A maior parte das chamadas “doenças mentais” não anulam a consciência e nem a volição do homem
A maior parte das chamadas “doenças mentais”, conquanto correspondam a desordens fisiológicas e na organização neurológica (aqui devemos excluir danos anatômicos ao cérebro), não anulam a consciência e nem a volição do homem, apesar de, naturalmente, turbarem a sua lucidez. De todo o modo, a maldade invariavelmente estará casada com a intencionalidade e com propósitos definidos.

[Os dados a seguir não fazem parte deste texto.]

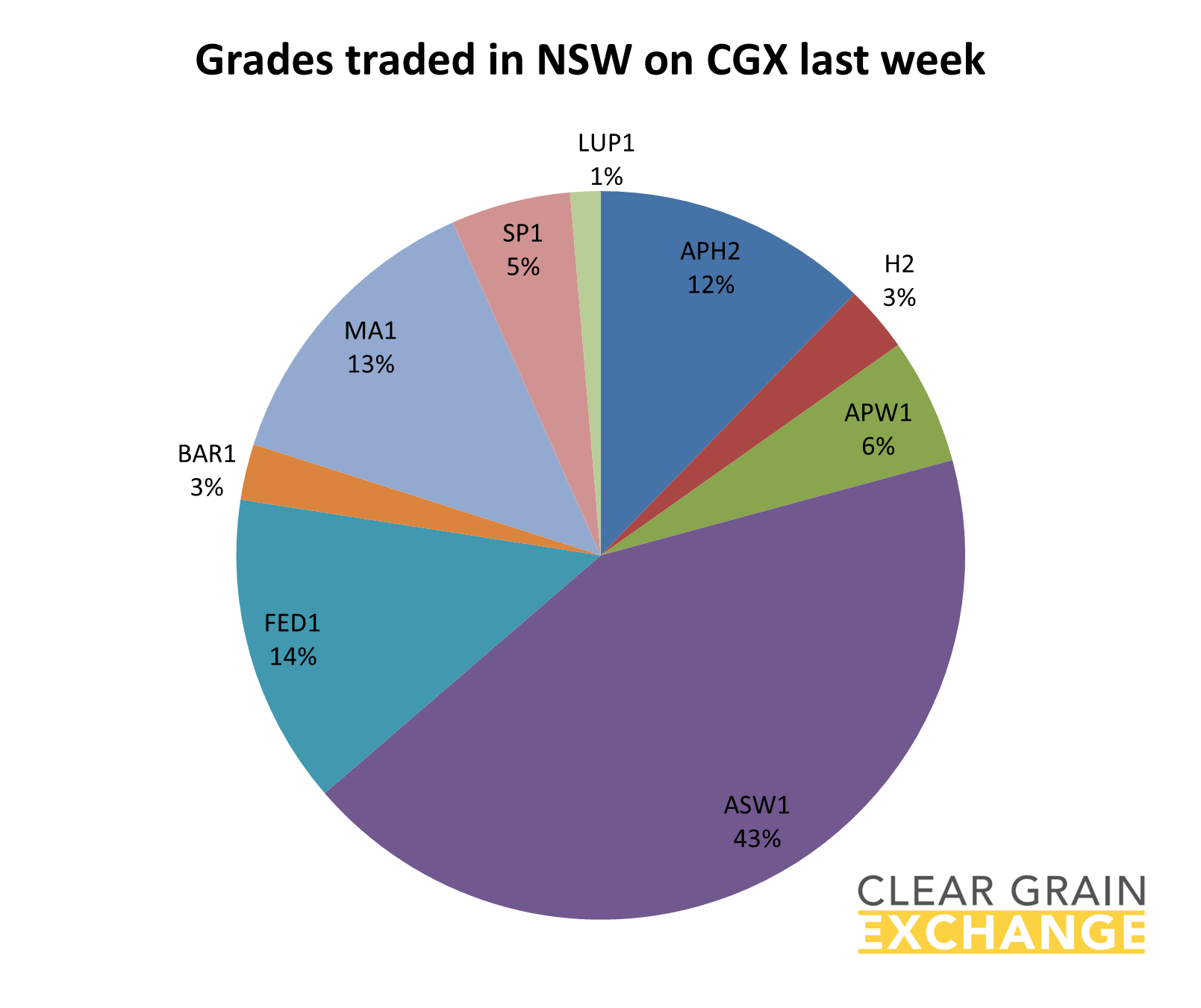 100 buyers searched warehouse and on-farm grain for sale last week - 23 grades of wheat, barley, canola, lupins and oats sold to 31 buyers that met grower prices indicating breadth of demand.
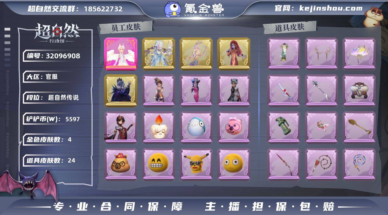 粉皮1;金皮4;紫皮4;道具皮24;皮肤:小黄-炽天使,零-渡鸦公爵,巫铃儿-镜花辞,逍遥-莲华渡,莉莉-瑶台梦,阿念-庆宴绮愿,爱丽丝-耀眼的你,艾伦-黎明猎手,薇薇安-仙锋小姐;道具:葫芦-伏妖塔,腰包-红运福虎,腰包-惊魂娃娃,桃木剑-凤鸣九天,铲子-龙鳞,折扇-赴此良宵,铲子-撒拉弗的祷告,传送按钮-浮生一梦,长鞭-飞天绫,额外的背包-飞花令,夜视仪-敛花容,长枪-波塞冬,刺刀-铂刺与红萼,夜视仪-金丝眼镜,传送按钮-昆仑镜,黄牛能量饮料-青玉抱丹,音响-happy猫,电击枪-甜蜜泡泡枪,长鞭-缚誓之锁,急救包-蔷薇物语,闪光弹-金戈玄铜,短管猎枪-赞萌露比水枪,摸金符-紫霄,急救包-土拨鼠捏捏;美妆:美妆-天使之泪,美妆-暗夜小恶魔;饰品:头饰-哈士奇头套,头饰-马上有钱,头饰-呆滞头套,头饰-面具马头套,头饰-嘻嘻头套,头饰-卑微头套,头饰-精致露比头套,头饰-小财神豚豚头套,头饰-太空鲨头套,头饰-烈焰红唇头套,头饰-滑稽头套,头饰-饺饺者头套,头饰-鱼头怪头套,头饰-萨卡班甲鱼头套,头饰-蒜了八,头饰-烛光纪念,头饰-像素朋克墨镜,头饰-后室幸存者头套,挂饰-钗头凤,挂饰-晚安小熊,挂饰-拂云仙,挂饰-糖果守卫,挂饰-九色祥鹿,背饰-梵音莲华,背饰-牛啤背包,背饰-蝶恋花,背饰-炽天使的余烬,背饰-白鼬趴趴,背饰-醉花阴;主页装扮:主页装扮-虚镜回廊,主页装扮-樱落金笺;动作:动作-不孬摇,动作-鸳鸯戏,动作-七仔摇,动作-知世摇,动作-舞台中心,动作-孤身摇,动作-新年摇,动作-金城舞,动作-鹏友摇,动作-老鼠舞,动作-抖肩舞,动作-举牌,动作-蝴蝶步,动作-拜年,动作-抬手;工牌背景:工牌背景-卷珠帘,工牌背景-珊瑚海,工牌背景-甜心的囚笼,工牌背景-流金照庭,工牌背景-复活的肖像,工牌背景-心同野鹤,工牌背景-永恒之阶,工牌背景-粉嫩小海狸,工牌背景-鸢尾花;工牌动作:工牌动作-蜕变,工牌动作-轻躯鹤立,工牌动作-净禅,工牌动作-鸦影;员工...

Um homem contemporâneo que fosse conhecer Lindisfarne no dia da primeira invasão viking, certamente chamaria a todos os salteadores de psicopatas homicidas, dada a brutalidade e frieza de suas ações, sem perceber que também poderiam ser bons maridos, bons pais, bons artesãos e bons agricultores, inclusive bons poetas. Poderia, também, vê-los como mero produto do tempo e da cultura, mas não foi assim que os monges britânicos os perceberam — para eles, os invasores eram pagãos e, portanto, adoradores bárbaros do Diabo. De qualquer maneira, nunca seriam percebidos como menos do que humanos, se nosso viajante do tempo não tivesse ido parar lá para julgá-los anacronicamente.
LEWIS, C. S. Cartas de C. S. Lewis. Rio de Janeiro: Thomas Nelson Brasil, 2021.